■ ABOUT THIS EXERCISE ■
The result should be the full listing copied exactly, with no pictures in it.

■ PROVIDED DATA ■
--------------------------------

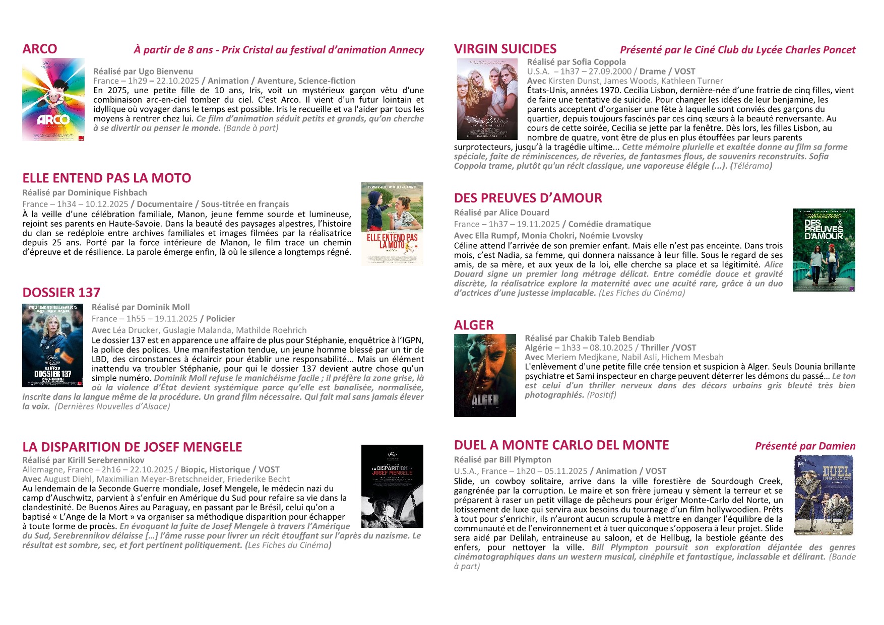 Tous nos anciens programmes sont dans le dossier archives du site. Si vous souhaitez des informations sur un film en particulier, merci de préciser votre demande et nous nous efforcerons d’y répondre si nous le pouvons. A bientôt au cinéma.
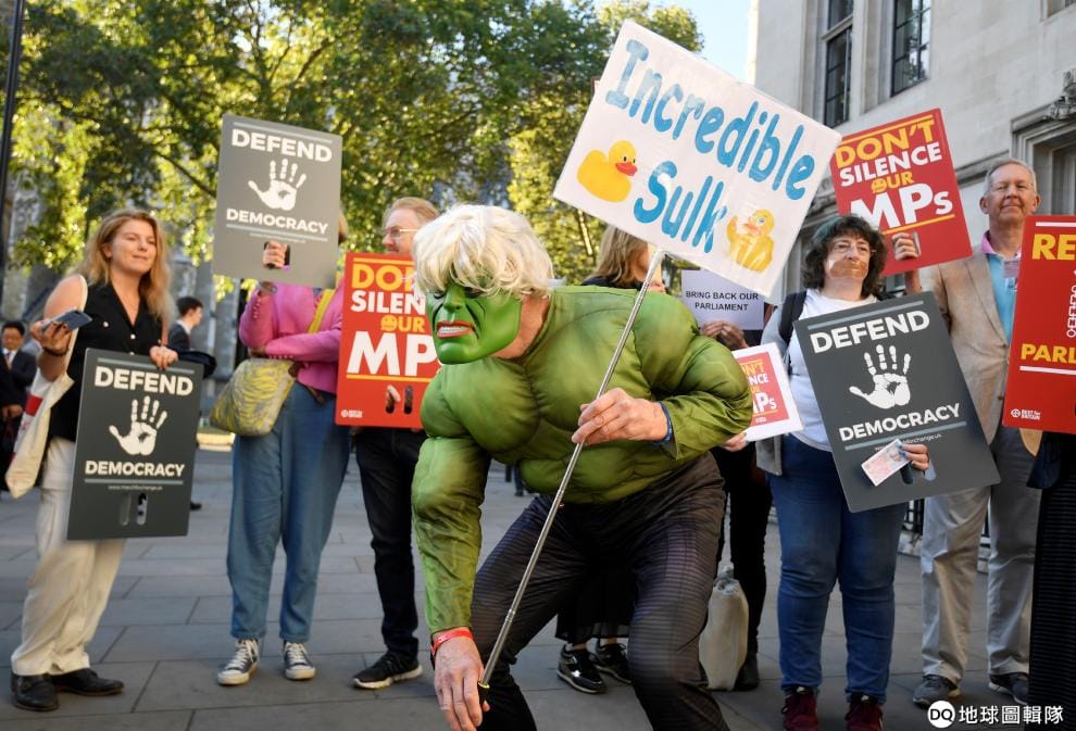 在位於倫敦的英國最高法院前,民眾手舉寫有「捍衛民主」字樣的告示牌抗議英國首相強生(Boris Johnson)的休會決定。目前,脫歐協疑因為北愛爾蘭邊境問題,遲遲無法取得共識。
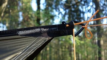 • Nachdem ich jetzt gerade die letzten knapp 2 Wochen mit der HM draußen geschlafen habe und auch mal richtig starken Prasselregen über 2 Std. lang hatte, kann ich nur sagen, dass ich ohne Abtropfschnüre komplett trocken geblieben bin. Die Aufhängungen waren natürlich naß, aber sobald die Seile unter das Tarp und etwas später an die Karabiner kamen, war Schluß mit Feuchtigkeit.

--------------------------------

■ PROBLEM SOLUTION ■
 Tous nos anciens programmes sont dans le dossier archives du site. Si vous souhaitez des informations sur un film en particulier, merci de préciser votre demande et nous nous efforcerons d’y répondre si nous le pouvons. A bientôt au cinéma.
 在位於倫敦的英國最高法院前,民眾手舉寫有「捍衛民主」字樣的告示牌抗議英國首相強生(Boris Johnson)的休會決定。目前,脫歐協疑因為北愛爾蘭邊境問題,遲遲無法取得共識。
 • Nachdem ich jetzt gerade die letzten knapp 2 Wochen mit der HM draußen geschlafen habe und auch mal richtig starken Prasselregen über 2 Std. lang hatte, kann ich nur sagen, dass ich ohne Abtropfschnüre komplett trocken geblieben bin. Die Aufhängungen waren natürlich naß, aber sobald die Seile unter das Tarp und etwas später an die Karabiner kamen, war Schluß mit Feuchtigkeit.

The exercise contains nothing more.